The Griswolds were accompanied in Asia by four senior staff members of the Episcopal Church Center, including Margaret Larom, director of Anglican and global relations, the Rev. Canon Brian Grieves, director of peace and justice ministries, and Barbara Braver, the Presiding Bishop’s assistant for communication.

The itinerary unfolded against the backdrop of notable international headlines: far-reaching protest of Japan’s Prime Minister Junichiro Koizumi’s visiting the Yasukuni Shrine, controversial for the memorial’s inclusion of war criminals; analysis of U.S. Defense Secretary Donald Rumsfeld’s meetings in China on the subject of military development; and measures to address an anticipated avian influenza epidemic. A 6.5-magnitude earthquake also rocked Tokyo during the Griswolds’ stay there; no casualties were reported.

Clear international commitments to peacemaking were underscored as Griswold visited Hiroshima’s Peace Park memorializing the 200,000 killed in the U.S. atomic bomb blast of 60 years ago, a topic of his October 23 sermon in the city’s Resurrection Church (see full ENS report, http://www.episcopalchurch.org/3577_68761_ENG_HTM.htm).

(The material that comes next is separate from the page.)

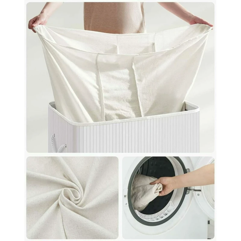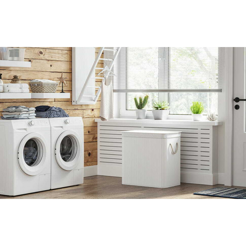 Stabilitate complet imbunatatita: Panoul de lemn din partea de jos este conectat la captuseala interioara a cosului de rufe; in plus, placa de baza imbunatatita ofera intregului cos o fixare stabila; Blugi, pulovere, jachete de iarna, lenjerie de pat? Nici o problema! Cutia de rufe poate fi incarcata cu pana la 25 kg. Este posibila separarea in functie de culoare: Sacul de rufe din bumbac respirabil este impartit in 2 compartimente – unul pentru rufe deschise, unul pentru cele inchise la culoare si unul pentru cele colorate. Masurand 60 x 40 x 61,5 cm, acest cos spatios de 150 de litri va va gazdui toate rufele si va va mentine casa perfect ordonata.
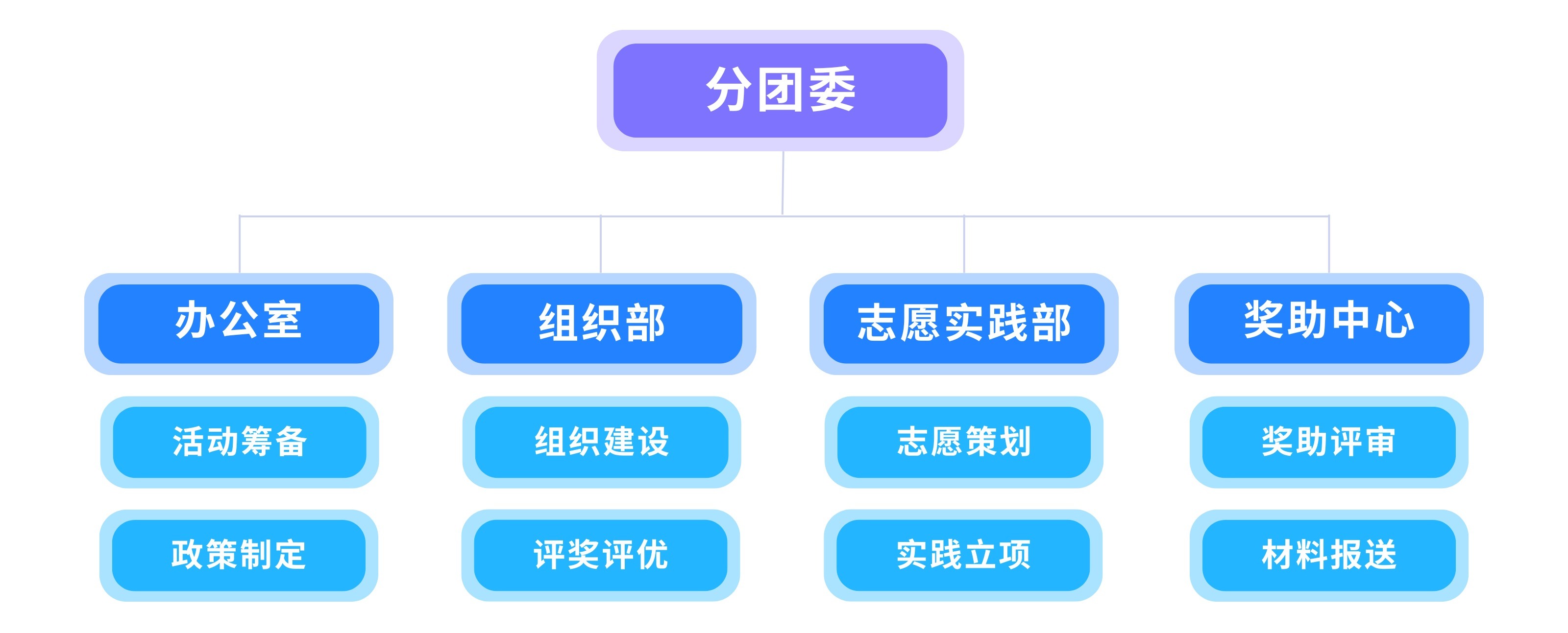 集成电路科学与工程学院分团委下设办公室、组织部、志愿实践部、奖助中心四部门,指导学生会、研究生会、新闻中心、科技创新中心等院级学生组织,秉承服务宗旨,凝聚青年力量,传播青年声音,担当时代责任。

Likewise in China, Griswold prayed and left a votive candle at the memorial to the 300,000 killed in the 1937-38 Nanjing Massacre waged by Japan. Griswold’s prayer asked that this and other similarly far-reaching acts of violence “never happen again.”

In Korea’s Demilitarized Zone, the power of prayer and reconciliation was affirmed by a military chaplain and South Korean laypersons who stood with tears brimming as the Presiding Bishop prayed that “paths forward be achieved.”

-- Canon Robert Williams is the Episcopal Church’s director of communication. As part of the Presiding Bishop’s delegation in Asia, Williams conferred with clergy and lay leaders on steps to strengthen communication between Anglican provinces.